## SUPPLIED ENTRIES
-----

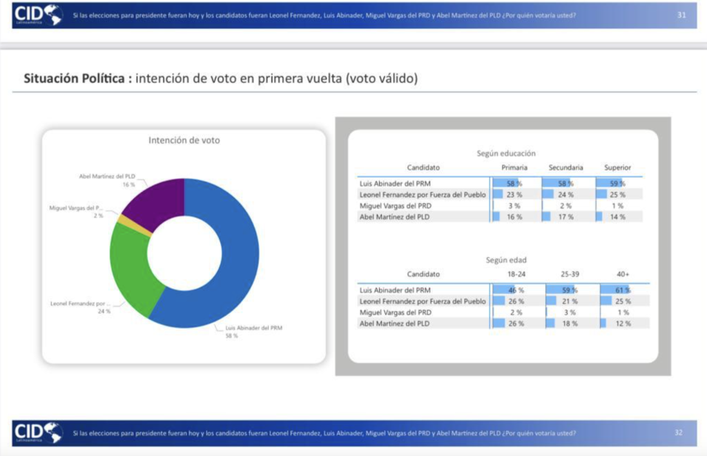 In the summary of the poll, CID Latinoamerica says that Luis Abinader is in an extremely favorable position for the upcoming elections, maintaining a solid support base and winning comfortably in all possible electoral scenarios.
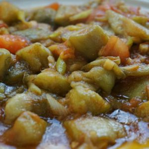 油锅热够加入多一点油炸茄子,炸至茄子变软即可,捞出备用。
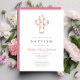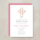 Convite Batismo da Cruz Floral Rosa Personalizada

-----

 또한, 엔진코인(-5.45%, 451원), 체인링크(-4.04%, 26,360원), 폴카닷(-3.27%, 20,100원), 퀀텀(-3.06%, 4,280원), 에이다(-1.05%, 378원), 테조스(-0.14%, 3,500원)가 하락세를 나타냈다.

-----

## WHAT IS EXPECTED
Extract from the material above the stretch running from the line containing "In the summary" through the line containing "Convite Batismo da". Keep the text exact and the pictures out.

## SOLUTION TO THIS TASK
 In the summary of the poll, CID Latinoamerica says that Luis Abinader is in an extremely favorable position for the upcoming elections, maintaining a solid support base and winning comfortably in all possible electoral scenarios.
 油锅热够加入多一点油炸茄子,炸至茄子变软即可,捞出备用。
 Convite Batismo da Cruz Floral Rosa Personalizada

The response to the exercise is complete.